输入命令执行处理时，可以一次性输入好几个 .js 文件。获取输入的 .js 文件名，如 2017_10.js ，得到 2017_10.md 的输出文件名。

with open(month_tweets_filename) as data_file:
		data_str = data_file.read()
		first_data_line = re.match(r'Grailbird.data.tweets_(.*) =', data_str).group(0)
		data_str = re.sub(first_data_line, '', data_str)
		data_tweets = json.loads(data_str)

data_tweets.reverse()

读取每一个要处理的 .js文件内容，去除首行的 Grailbird.data.tweets_2017_10 = ，并将 tweets 反转，按照时间由前至后。
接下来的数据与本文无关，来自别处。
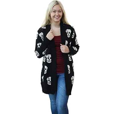 UNIQUE STYLE:- This Skull Cardigan Have a Simple and Casual Design With a Fashionable, Charming, Soft, and Cozy Experience. Wear With Simple Jeans and a Top For A Fashionable and Attractive Look. FEATURES:- Our Skull Printed Cardigan Comes With Regular Fit, Open Front, Long Sleeve, Solid Color, Skull Design, and Knitted Outwear, Which Make it Best For Casual Wear. MATERIAL:- Our Women's Cardigan is Made of 100% Acrylic Which is, Wrinkle Resistant, Soft and Durable. This Skull Cardigan Dry Quickly and Wick Moisture From The Skin Which Provides an Odor-Free Environment Throughout The Day. OCCASIONS:- This Ladies' Cardigan is Perfect For Multiple Occasions Like Every Day, Casual, Shopping, Work, etc. Due To Its Skull Design, It Becomes Great Fit For You If You Are Looking For Simple Halloween Top. AVAILABLE COLORS & SIZES:- The Modern Skull Printed Cardigan is Available in Four Sizes (UK 8-10,12-14, 16-18, 20-22) and Also Available in Six Different Beautiful Colors (Black, Stone, Wine, Charcoal, Turquoise, Purple)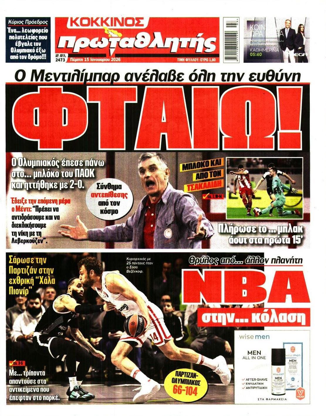 Δείτε τα πρωτοσέλιδα των αθλητικών εφημερίδων της Πέμπτης (15/01).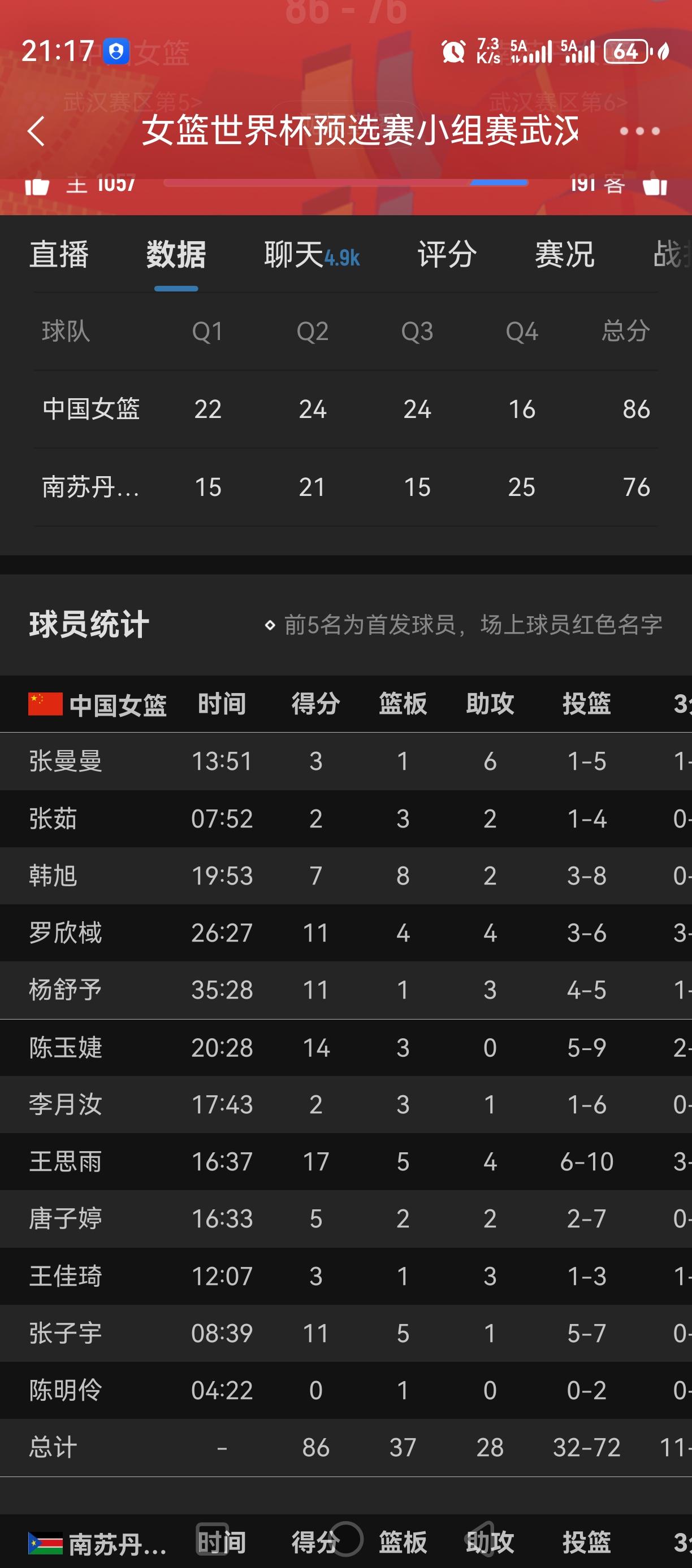 86:76,中国女篮赢了南苏丹10分!这场好的地方是传导和内外配合比上一场好! 但三分还是不稳定!失误也多! 感觉磨合还是有欠缺! 只能一场一场调了! 后面打捷克和巴西是关键战!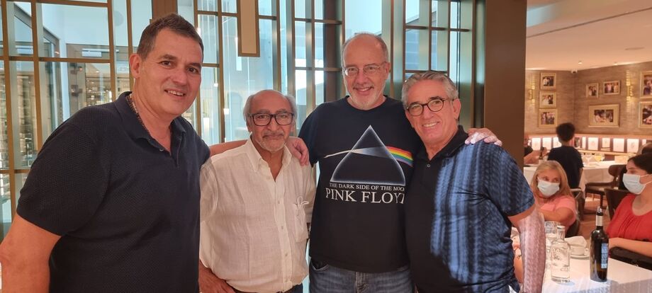 Os presidentes da mesa da assembleia geral de Benfica e Sporting, António Pires de Andrade e Rogério Alves, ao centro, tiveram ontem um almoço informal no restaurante ‘Solar dos Presuntos’, em Lisboa
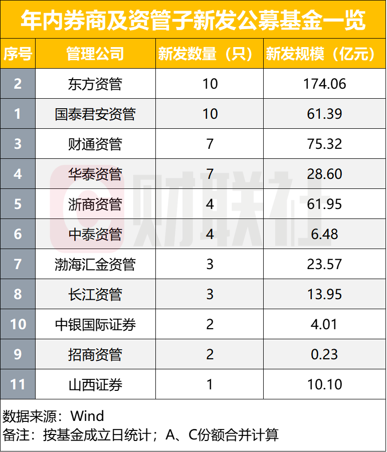 具体来看,2024年共有9家资管子公司和2家证券公司参与了公募基金新发,包括国泰君安资管、东方资管、财通资管、华泰资管、浙商资管、中泰资管、渤海汇金资管、长江资管、招商资管、中银证券以及山西证券。其中,国泰君安资管和东方资管各发行10只公募基金,并列第一;财通资管和华泰资管紧随其后,各发行7只;浙商资管和中泰资管各新发4只,渤海汇金资管和长江资管各发行3只,中银证券和招商资管各2只,山西证券1只。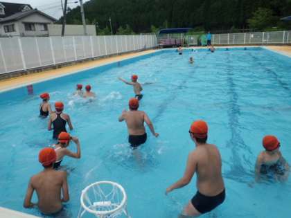 学校に戻ってきてからプールへ入りました。自分でめあてをもって泳いだ後,みんなで楽しく水球をしました。楽しい時間が過ごせたようです。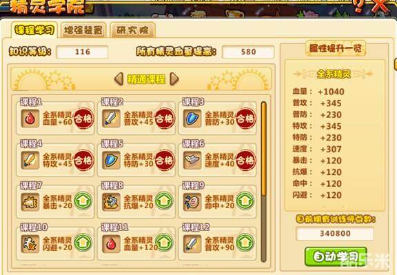 进阶可获得额外属性加成到所有精灵身上

for tweet in data_tweets :
	#处理日期时间显示格式，原时间格式为格林尼治时间，转为北京东八区时间
	created_at = tweet['created_at']
	dt = datetime.strptime(created_at, instrp)
	dt = dt.replace(tzinfo=timezone.utc)
	tzutc_8 = timezone(timedelta(hours=8))
	local_dt = dt.astimezone(tzutc_8)
	local_dt = local_dt.strftime(outstrf)
	local_datetime = local_dt[:19]
	datetime_number = re.sub(r'(\d+)-(\d+)-(\d+) (\d+):(\d+):(\d+)',r'\1\2\3\4\5\6',local_datetime)

读入每一条 tweet 内容，将 tweet 时间转为北京时间。

try:
	if tweet['entities']['urls']:
		for replaceurl in tweet['entities']['urls']:
			url = replaceurl['url']
			expanded_url = replaceurl['expanded_url']
			display_url = replaceurl['display_url']
			display_url = "&lt;a href='" + expanded_url + "' target=\"_blank\"&gt;" + display_url + "&lt;/a&gt;"
			tweet_text = re.sub(url, display_url, tweet_text)
except KeyError:
	pass

将 tweet['text']里包含的网址 url 转为原先内容，twitter 默认将它转为系统短链。
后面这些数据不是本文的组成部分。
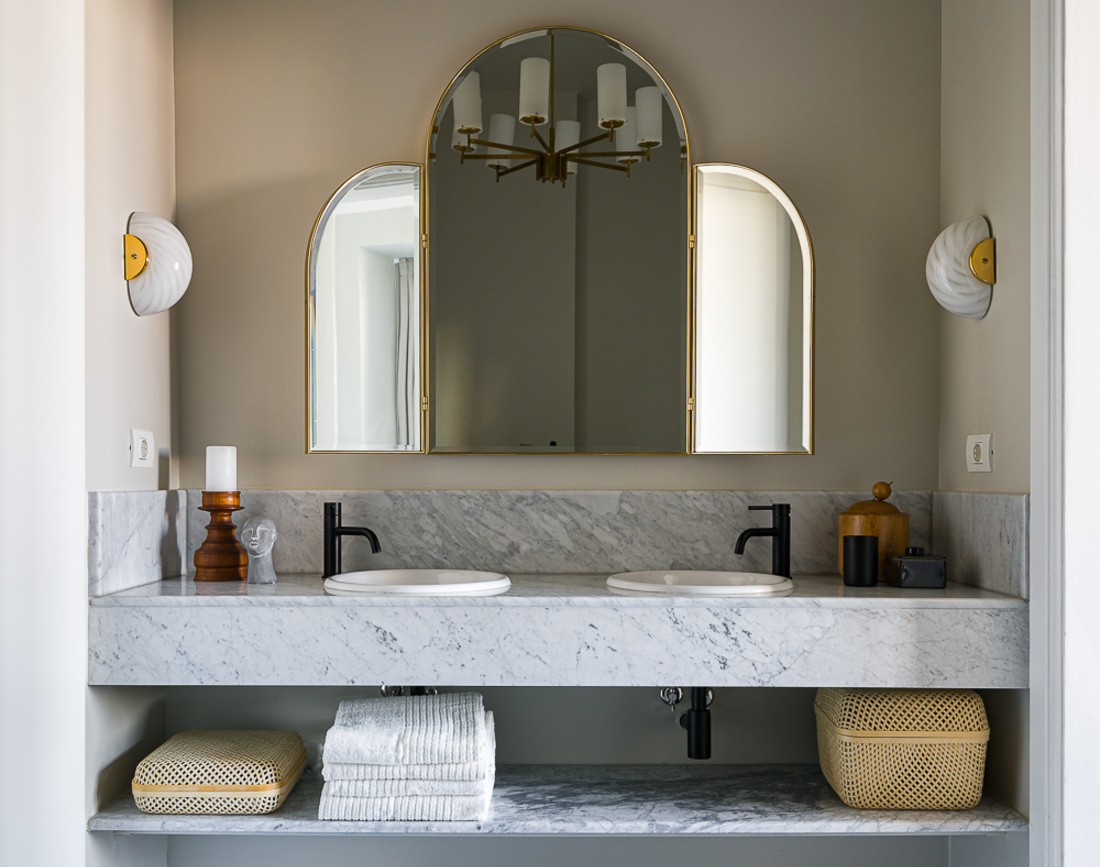 A.C.: Baia matrimoniala este in totalitate placata cu marmura. Proprietarii au cerut asta in mod specific si noi am fost incantate sa lucram cu acest material. Cat despre statueta, includem mereu in stylingul proiectelor noastre arta, cunoscuta sau mai putin cunoscuta sau chiar necunoscuta. Credem ca arta buna, originala, autentica, chiar si anonima eleveaza un spatiu la orice nivel estetic s-ar afla acesta deja.
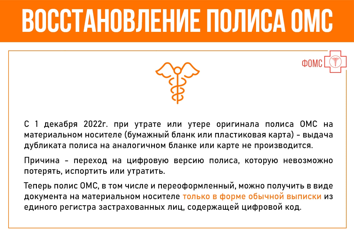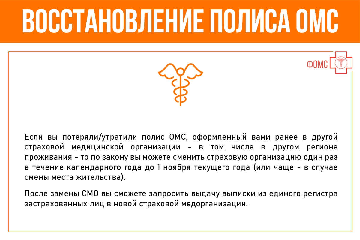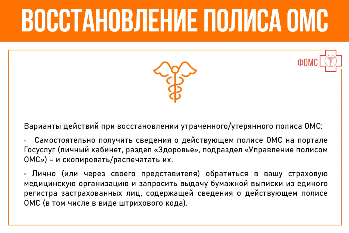 Восстановление полиса ОМС date_rangeСегодня, 09:45 visibility1 Как можно восстановить полис ОМС при утрате или утере? Что делать в подобных случаях застрахованному? thumb_up0thumb_down

media_directory_name = datetime_number[:6]
if not os.path.isdir(media_directory_name):
	os.mkdir(media_directory_name)

建立以年月为名称的文件夹用来保存当月的图片和视频。

if 'extended_entities' in tweet.keys() and 'media' in tweet['extended_entities'].keys(): 
	medialist.extend(tweet['extended_entities']['media'])
if 'retweeted_status' in tweet.keys() and 'extended_entities' in tweet['retweeted_status'].keys() \
	and 'media' in tweet['retweeted_status']['extended_entities'].keys():
	medialist.extend(tweet['retweeted_status']['extended_entities']['media'])
	
medialist = list(dedupe(medialist, key=lambda d: d['media_url_https']))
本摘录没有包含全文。